Paleobuprestis Temporal range: Visean–Late Cretaceous PreꞒ Ꞓ O S D C P T J K Pg N

Trace fossil classification
- Ichnofamily: †Trypanitidae
- Ichnogenus: †Paleobuprestis Walker, 1938
- Type ichnospecies: Paleobuprestis maxima Walker, 1938
- Ichnospecies: P. maxima Walker, 1938; P. minima Walker, 1938; P. sudeticus Muszer & Uglik, 2013;
- Synonyms: Archeobuprestis Bellamy, 2006

= Paleobuprestis =

Genus of beetles

Paleobuprestis is an ichnogenus of bioerosion trace fossils found in wood that are thought to have been produced by the larvae of beetles in the family Buprestidae (the jewel beetles). It was first described by American paleontologist and park naturalist Myrl V. Walker in 1938, based on channels found just under the bark of petrified logs from the Petrified Forest National Park in Arizona, dated to the Late Triassic epoch.
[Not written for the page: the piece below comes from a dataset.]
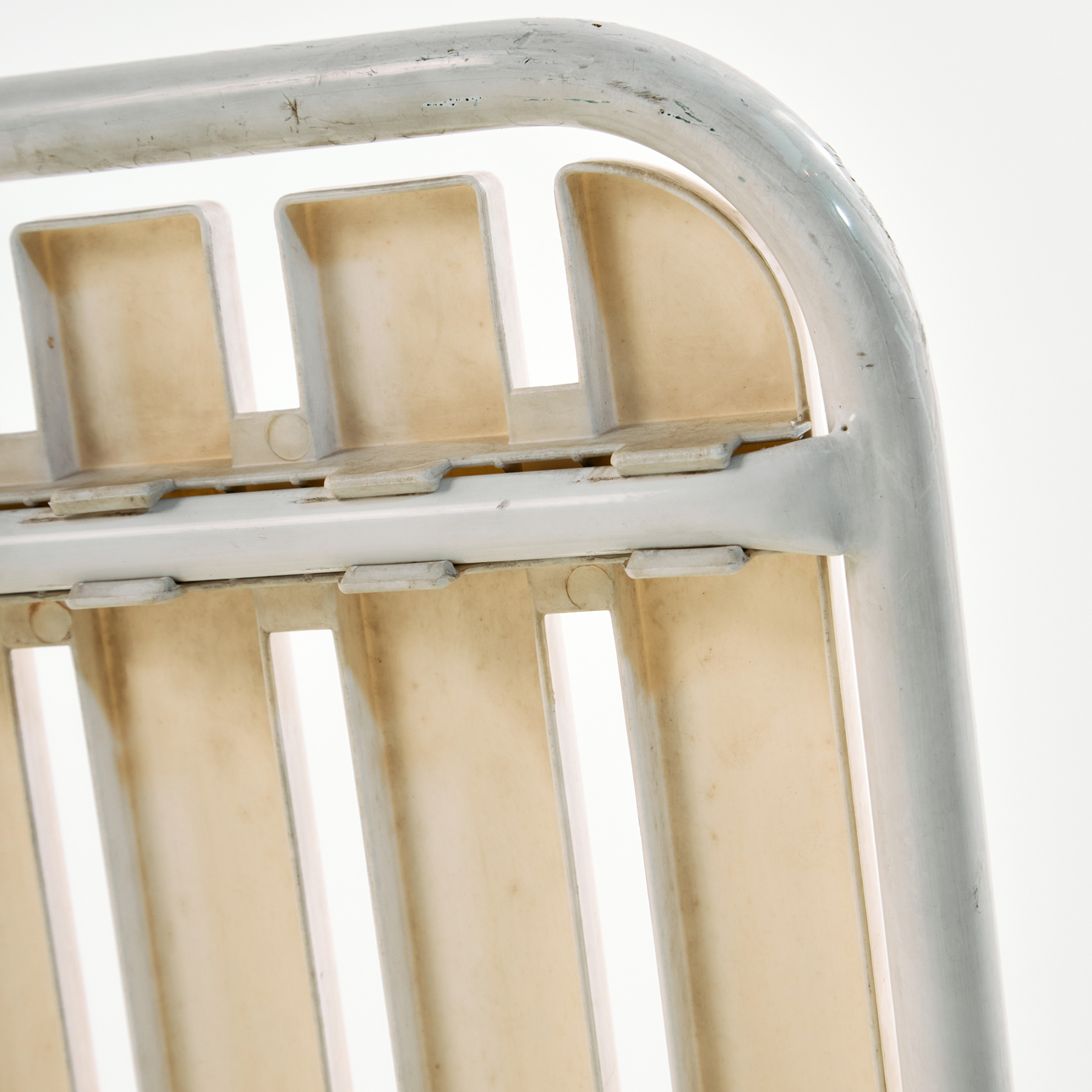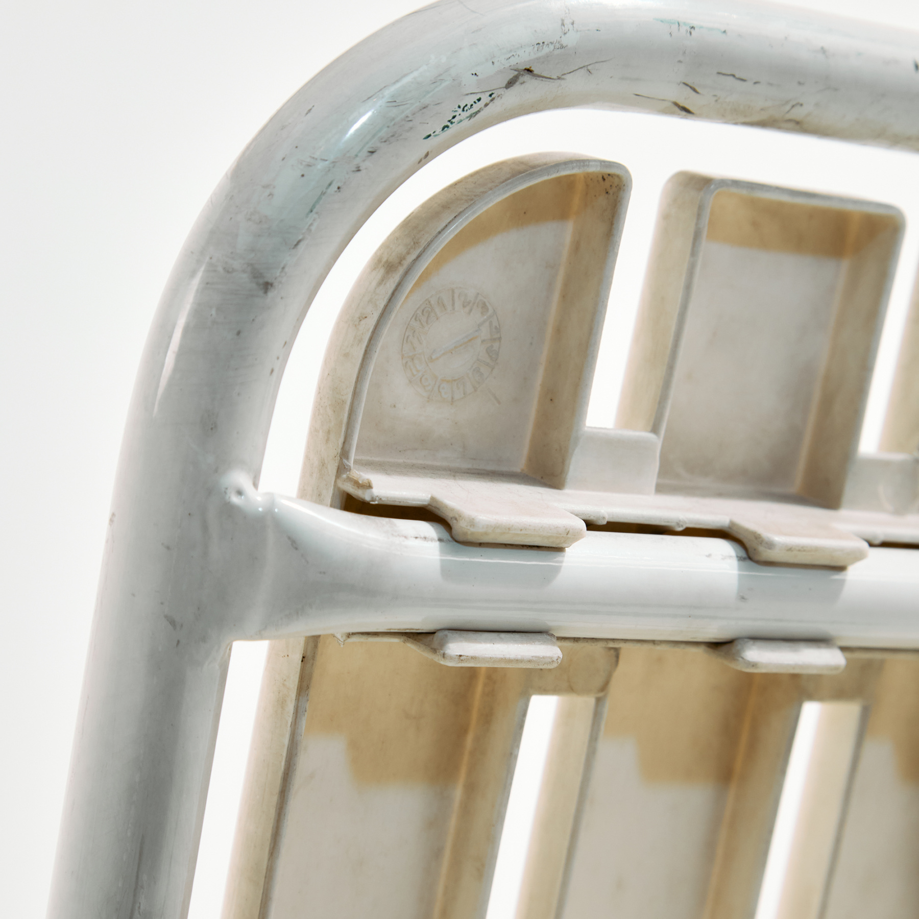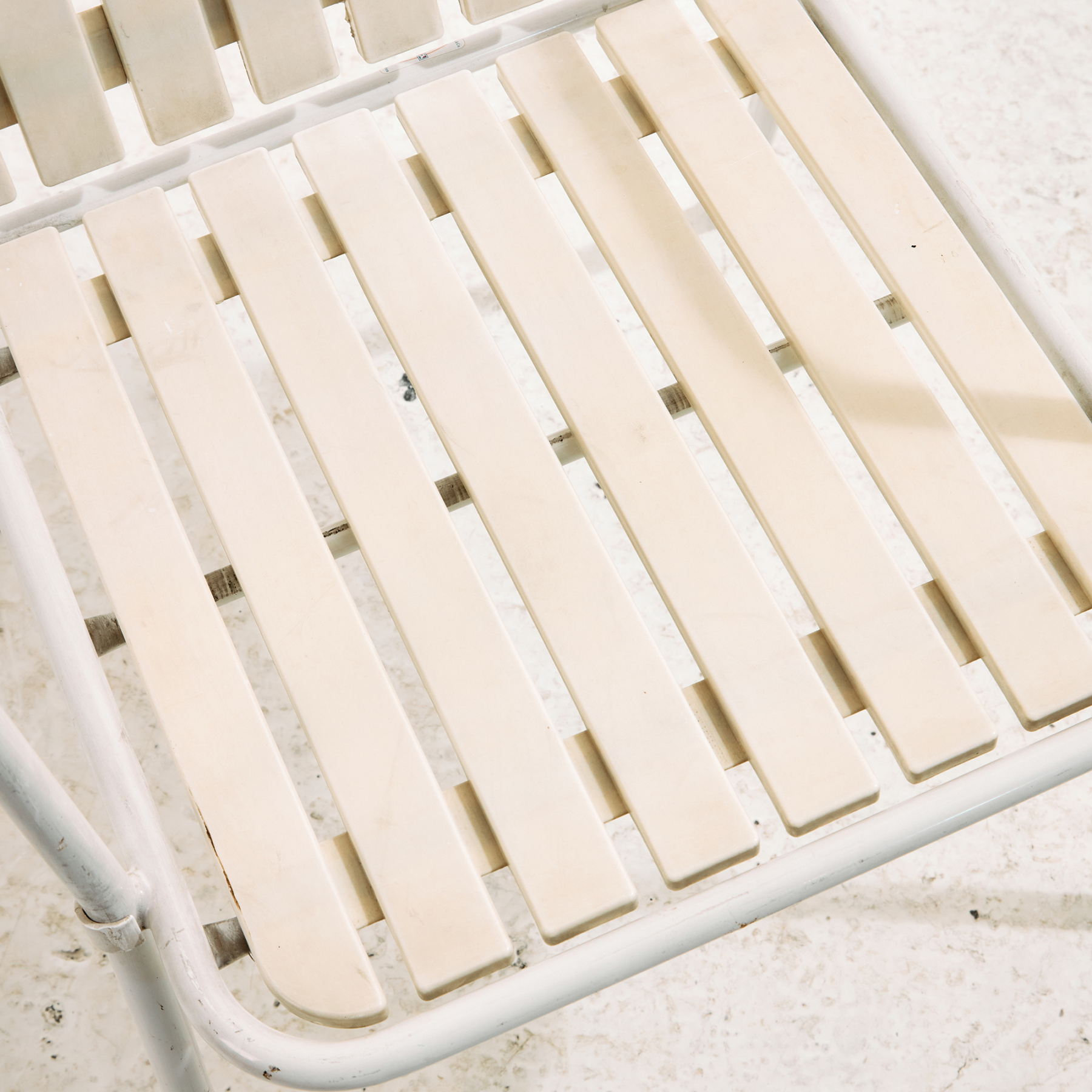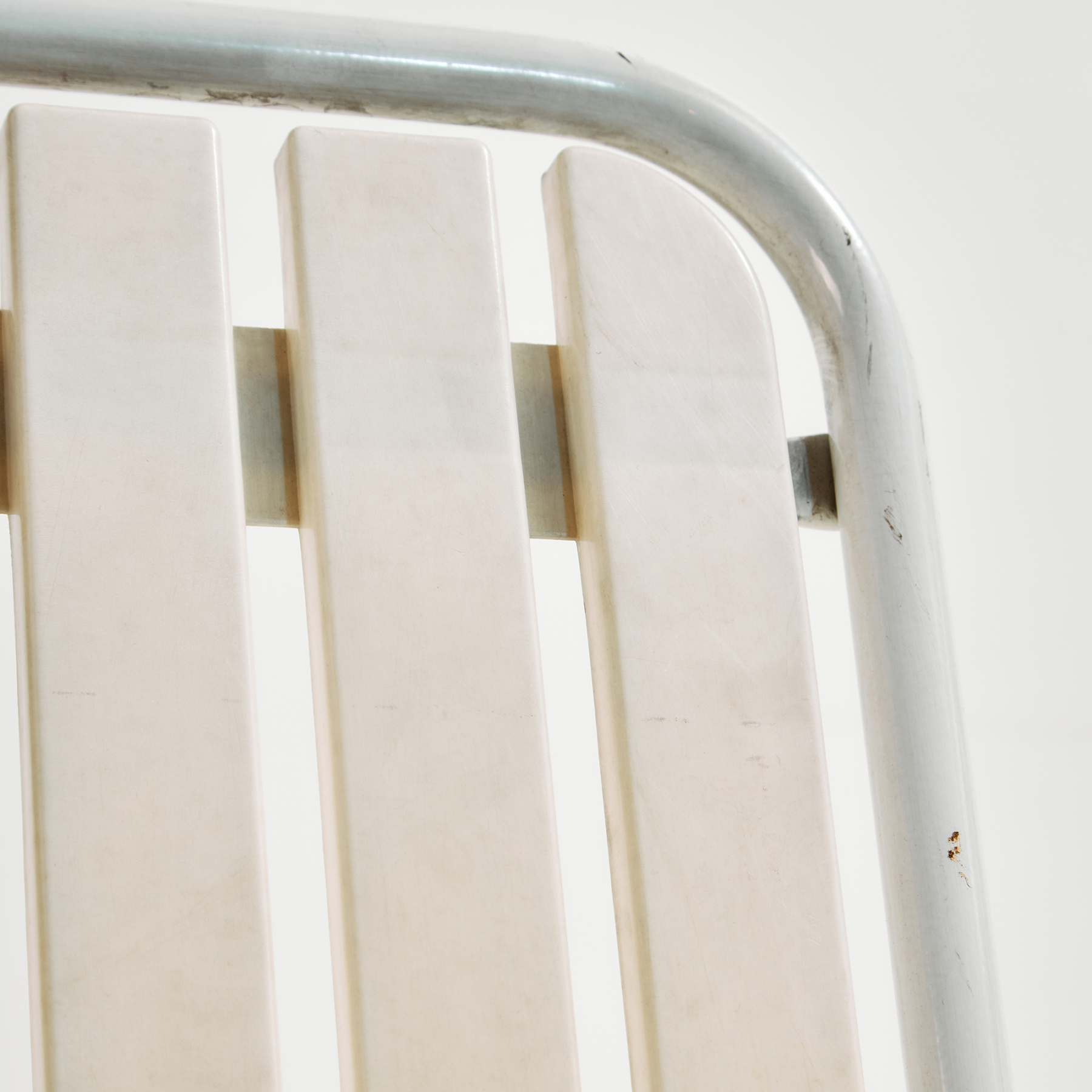 Osztrák Karasek kerti karosszék fém csővázas szerkezettel és műanyag ülő- és háttámla résszel az 1980-as évekből. A karosszék felületén helyenként karcokkal, foltokkal és kopásokkal. Kertek, teraszok vagy akár belső terek dekorálására is alkalmas lehet.

He described two different species of these markings: Paleobuprestis maxima for channels with a diameter of about 10 mm, and Paleobuprestis minima for those with a diameter of only 2 mm. Paleobuprestis has since also been recorded from the Upper Jurassic Morrison Formation and the Upper Cretaceous Price River Formation. In 2013, a third ichnospecies, Paleobuprestis sudeticus, was described from the Viséan-aged Paprotnia Beds in the Polish Sudetes. In 2006, Charles L. Bellamy established a new genus-group name Archeobuprestis for P. maxima and P. minima, considering the name Paleobuprestis to be unavailable under the International Code of Zoological Nomenclature because it was described after 1930 without a type species designation in its original publication.

Wisshak, Knaust and Bertling (2019) classify the ichnogenus Paleobuprestis as a member of the ichnofamily Trypanitidae, which also includes the common trace fossil Trypanites.